**Task item:**
In the material below, find the line with "Дом Подарка ›" and the line with "หมวกซานต้าคริส". Output exactly those two lines and all lines between them, leaving out pictures.

**Records to use:**
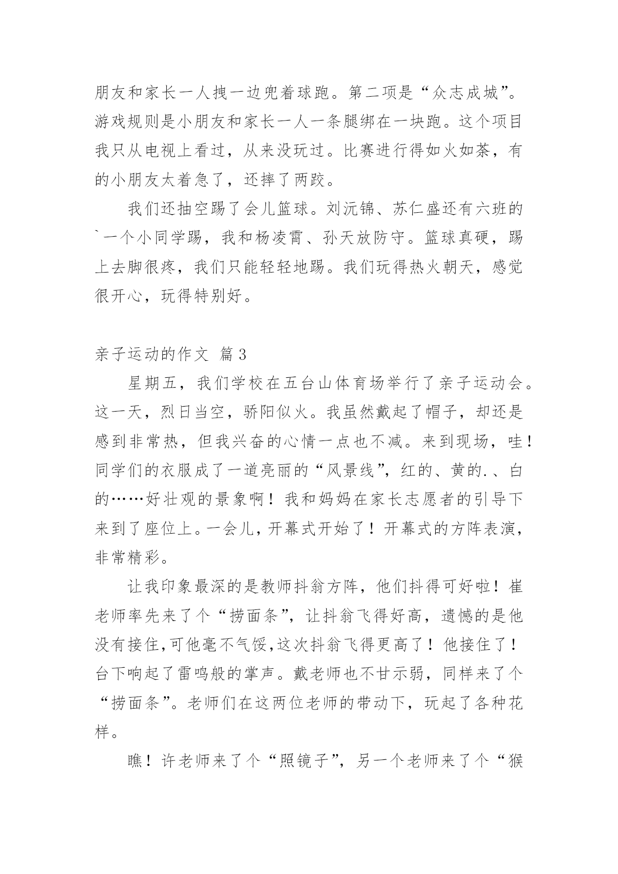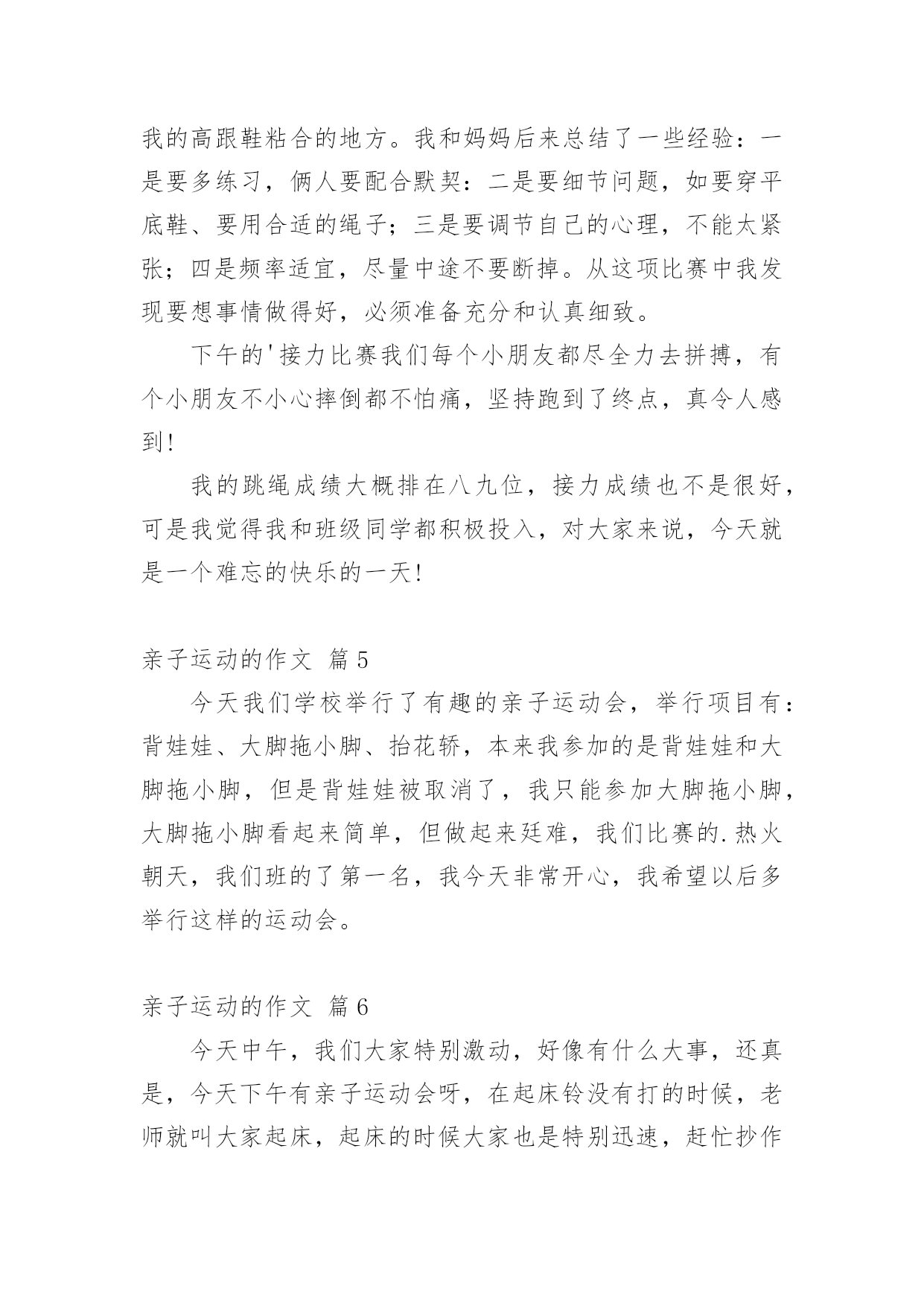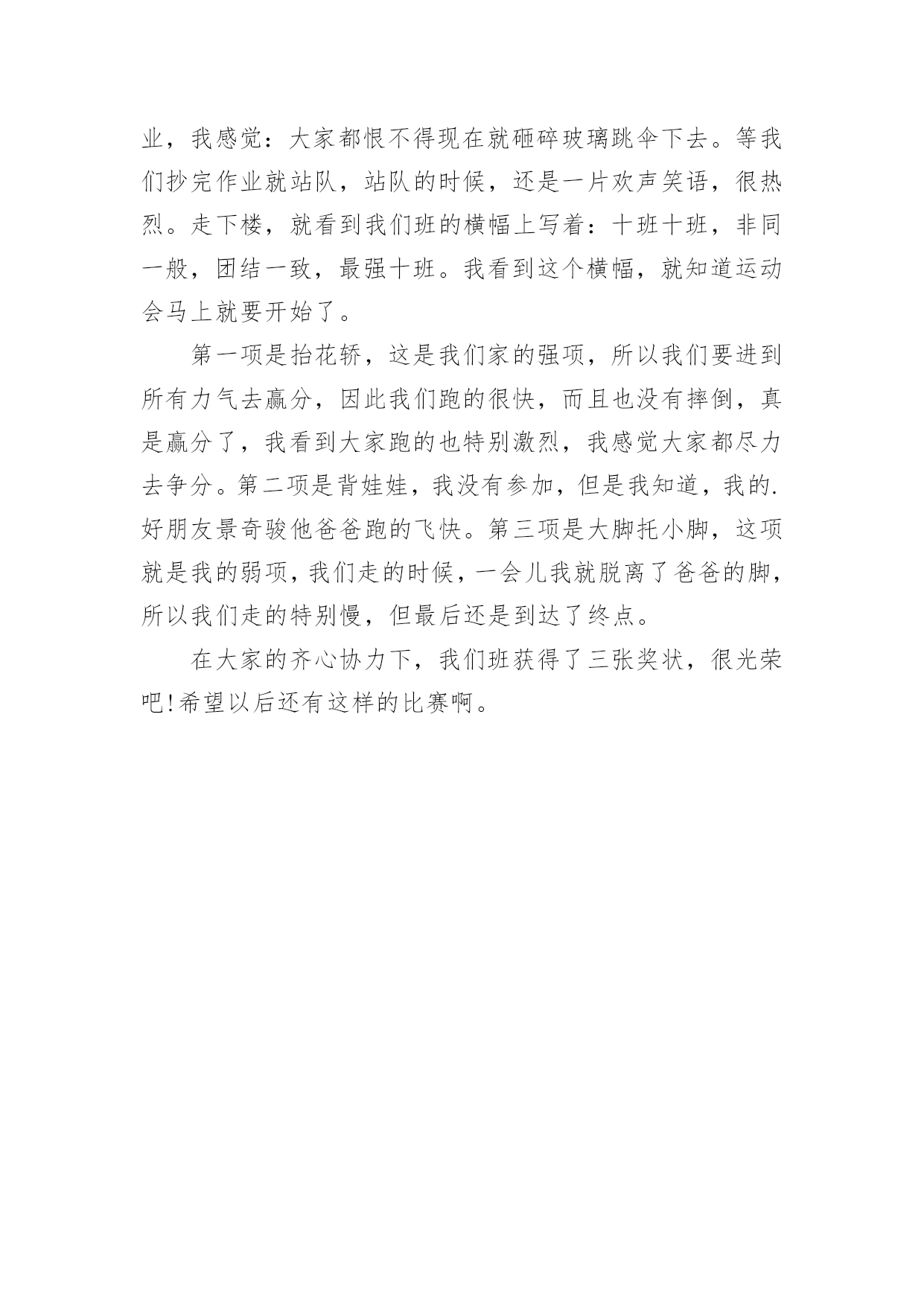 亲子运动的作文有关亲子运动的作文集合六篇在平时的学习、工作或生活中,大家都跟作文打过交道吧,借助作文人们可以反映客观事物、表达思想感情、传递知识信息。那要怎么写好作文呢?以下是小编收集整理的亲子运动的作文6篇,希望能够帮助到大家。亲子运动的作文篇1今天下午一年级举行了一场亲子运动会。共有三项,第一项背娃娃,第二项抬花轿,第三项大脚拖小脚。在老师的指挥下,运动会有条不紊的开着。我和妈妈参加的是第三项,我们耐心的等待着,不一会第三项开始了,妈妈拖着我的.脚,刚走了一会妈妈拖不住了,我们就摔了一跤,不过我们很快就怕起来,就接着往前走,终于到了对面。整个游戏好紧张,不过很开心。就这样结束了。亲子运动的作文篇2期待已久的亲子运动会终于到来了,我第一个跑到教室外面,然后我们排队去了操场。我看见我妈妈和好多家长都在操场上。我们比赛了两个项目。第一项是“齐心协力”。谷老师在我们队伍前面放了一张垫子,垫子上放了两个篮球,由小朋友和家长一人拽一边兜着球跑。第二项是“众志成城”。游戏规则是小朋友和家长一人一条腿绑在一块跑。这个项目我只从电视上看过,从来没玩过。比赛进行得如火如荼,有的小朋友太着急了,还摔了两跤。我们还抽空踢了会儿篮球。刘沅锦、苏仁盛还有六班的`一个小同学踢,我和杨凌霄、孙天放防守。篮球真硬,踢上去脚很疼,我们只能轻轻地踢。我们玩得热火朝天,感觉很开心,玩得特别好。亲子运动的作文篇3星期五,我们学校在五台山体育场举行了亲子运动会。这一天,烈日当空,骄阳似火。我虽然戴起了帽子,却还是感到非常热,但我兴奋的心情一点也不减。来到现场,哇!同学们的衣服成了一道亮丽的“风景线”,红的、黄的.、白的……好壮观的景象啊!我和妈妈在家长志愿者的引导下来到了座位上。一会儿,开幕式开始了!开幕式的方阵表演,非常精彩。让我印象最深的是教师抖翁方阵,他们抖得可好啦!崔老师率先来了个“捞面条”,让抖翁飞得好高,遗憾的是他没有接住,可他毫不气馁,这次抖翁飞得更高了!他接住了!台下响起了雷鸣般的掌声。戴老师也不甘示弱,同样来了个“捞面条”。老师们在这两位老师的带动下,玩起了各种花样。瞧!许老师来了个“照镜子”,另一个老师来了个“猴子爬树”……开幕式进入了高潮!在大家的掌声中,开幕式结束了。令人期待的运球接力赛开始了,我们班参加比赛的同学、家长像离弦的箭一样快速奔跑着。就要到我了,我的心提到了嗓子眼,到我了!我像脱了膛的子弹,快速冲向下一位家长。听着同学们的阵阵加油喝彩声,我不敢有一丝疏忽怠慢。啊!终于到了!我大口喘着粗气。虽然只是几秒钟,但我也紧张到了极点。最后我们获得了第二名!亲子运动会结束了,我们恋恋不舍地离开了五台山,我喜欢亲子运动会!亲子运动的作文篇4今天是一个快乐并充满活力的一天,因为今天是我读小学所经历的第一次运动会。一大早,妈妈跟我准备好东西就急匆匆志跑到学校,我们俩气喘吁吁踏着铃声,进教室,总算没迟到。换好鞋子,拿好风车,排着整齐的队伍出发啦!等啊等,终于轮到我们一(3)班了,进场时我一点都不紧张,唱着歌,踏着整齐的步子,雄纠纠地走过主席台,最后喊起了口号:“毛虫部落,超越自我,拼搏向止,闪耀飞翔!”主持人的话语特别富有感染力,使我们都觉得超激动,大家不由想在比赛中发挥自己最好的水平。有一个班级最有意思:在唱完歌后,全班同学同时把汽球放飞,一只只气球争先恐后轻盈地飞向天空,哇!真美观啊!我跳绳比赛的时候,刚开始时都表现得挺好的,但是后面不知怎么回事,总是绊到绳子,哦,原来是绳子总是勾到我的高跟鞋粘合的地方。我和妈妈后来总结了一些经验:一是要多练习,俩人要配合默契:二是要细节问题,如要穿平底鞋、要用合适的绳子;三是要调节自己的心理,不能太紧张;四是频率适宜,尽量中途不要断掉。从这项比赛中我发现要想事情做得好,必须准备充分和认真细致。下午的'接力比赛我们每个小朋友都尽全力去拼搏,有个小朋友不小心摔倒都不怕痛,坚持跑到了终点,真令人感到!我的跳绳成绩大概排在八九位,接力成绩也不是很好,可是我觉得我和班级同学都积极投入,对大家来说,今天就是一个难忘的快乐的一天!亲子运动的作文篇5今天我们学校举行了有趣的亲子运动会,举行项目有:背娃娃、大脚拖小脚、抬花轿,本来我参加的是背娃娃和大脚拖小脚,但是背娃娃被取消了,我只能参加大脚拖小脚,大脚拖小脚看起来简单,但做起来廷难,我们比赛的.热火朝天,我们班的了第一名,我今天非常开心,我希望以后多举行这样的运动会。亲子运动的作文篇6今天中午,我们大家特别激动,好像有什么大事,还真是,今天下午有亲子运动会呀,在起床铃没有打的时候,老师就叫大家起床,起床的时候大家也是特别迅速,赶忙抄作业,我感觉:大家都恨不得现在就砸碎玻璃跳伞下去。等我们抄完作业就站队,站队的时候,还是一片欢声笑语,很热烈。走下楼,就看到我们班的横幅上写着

* * *

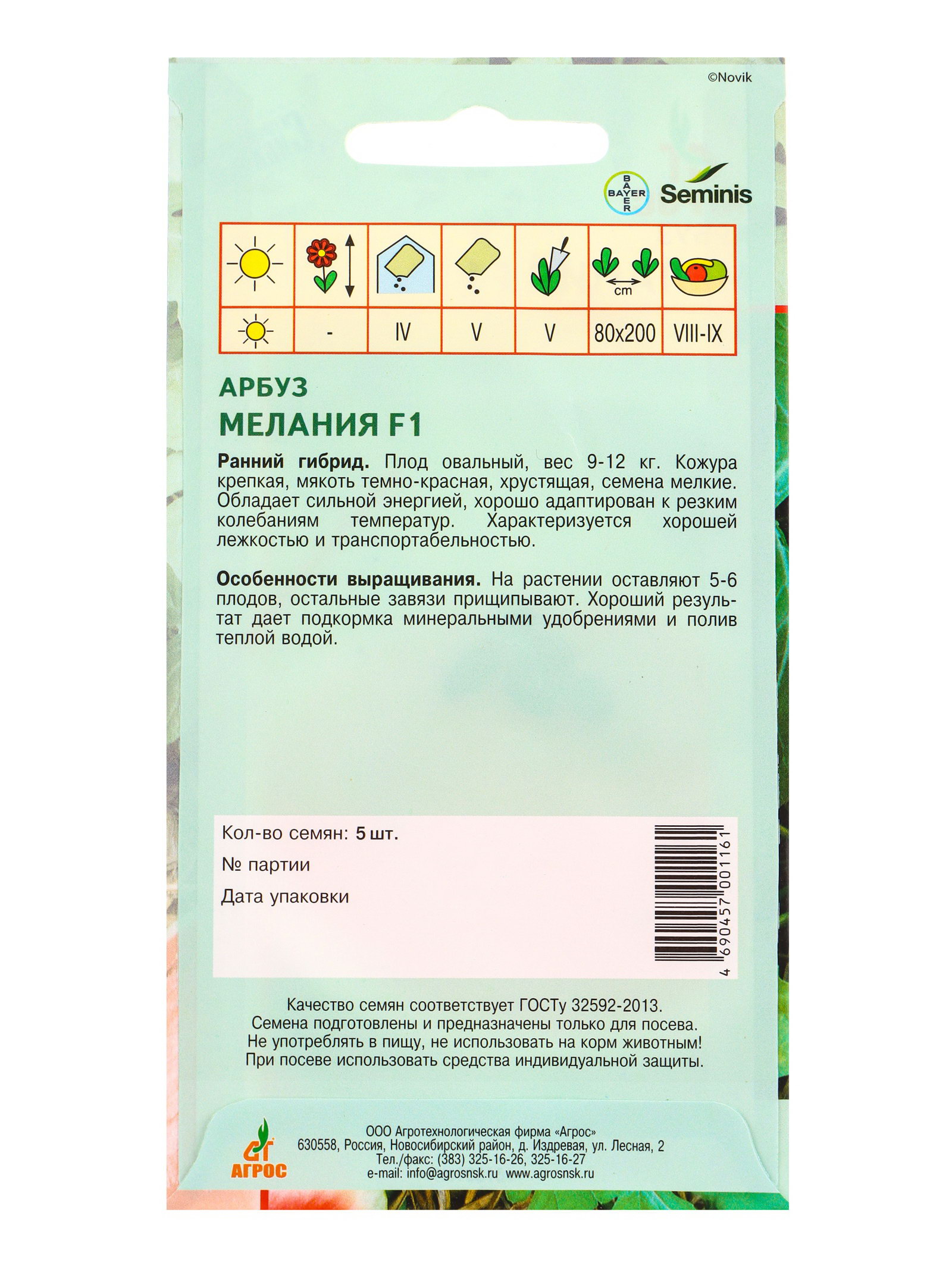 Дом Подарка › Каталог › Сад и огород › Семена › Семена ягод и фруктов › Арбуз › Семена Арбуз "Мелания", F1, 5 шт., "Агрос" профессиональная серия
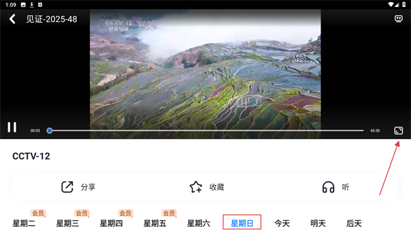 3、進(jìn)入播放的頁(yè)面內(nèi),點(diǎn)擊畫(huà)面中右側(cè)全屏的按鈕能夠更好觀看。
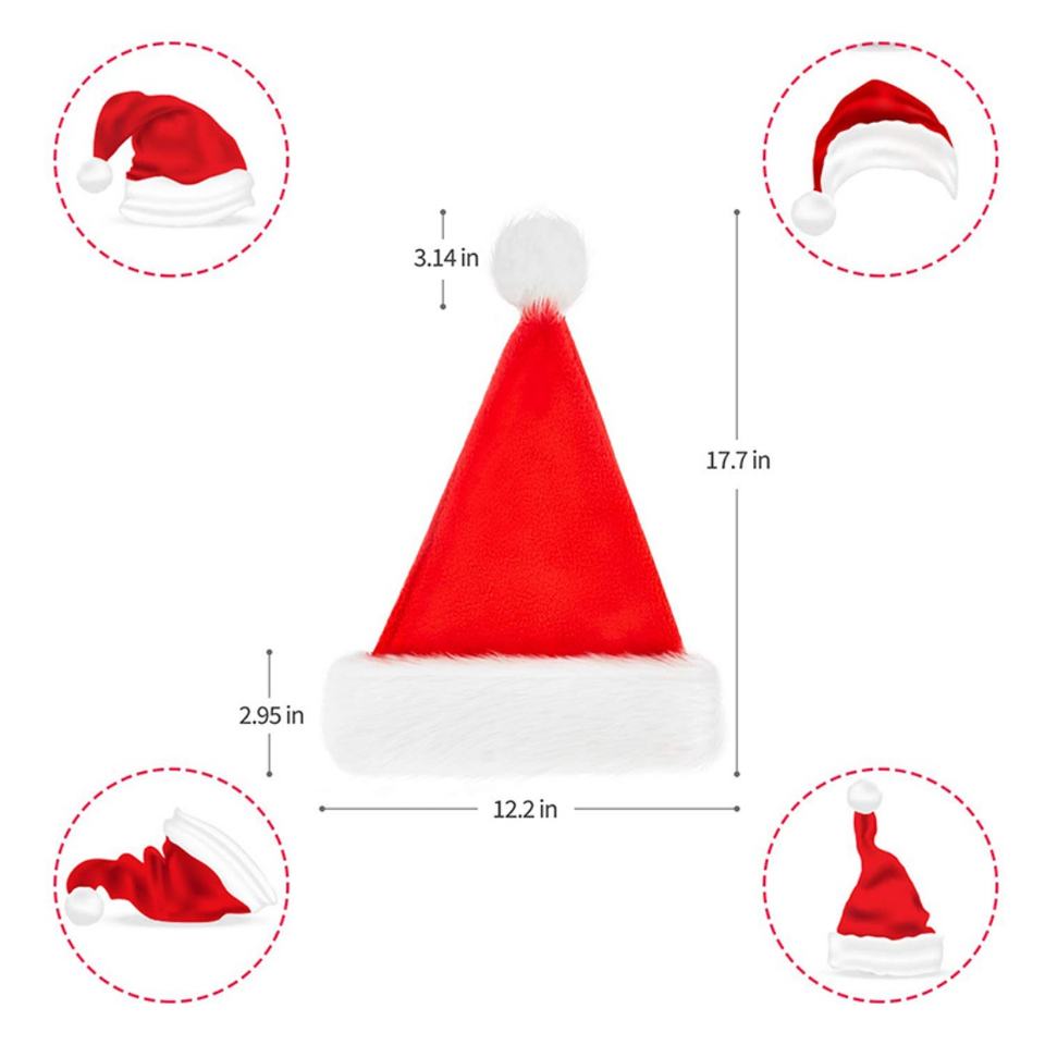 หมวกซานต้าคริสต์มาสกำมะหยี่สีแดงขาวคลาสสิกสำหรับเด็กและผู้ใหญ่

**Response:**
 Дом Подарка › Каталог › Сад и огород › Семена › Семена ягод и фруктов › Арбуз › Семена Арбуз "Мелания", F1, 5 шт., "Агрос" профессиональная серия
 3、進(jìn)入播放的頁(yè)面內(nèi),點(diǎn)擊畫(huà)面中右側(cè)全屏的按鈕能夠更好觀看。
 หมวกซานต้าคริสต์มาสกำมะหยี่สีแดงขาวคลาสสิกสำหรับเด็กและผู้ใหญ่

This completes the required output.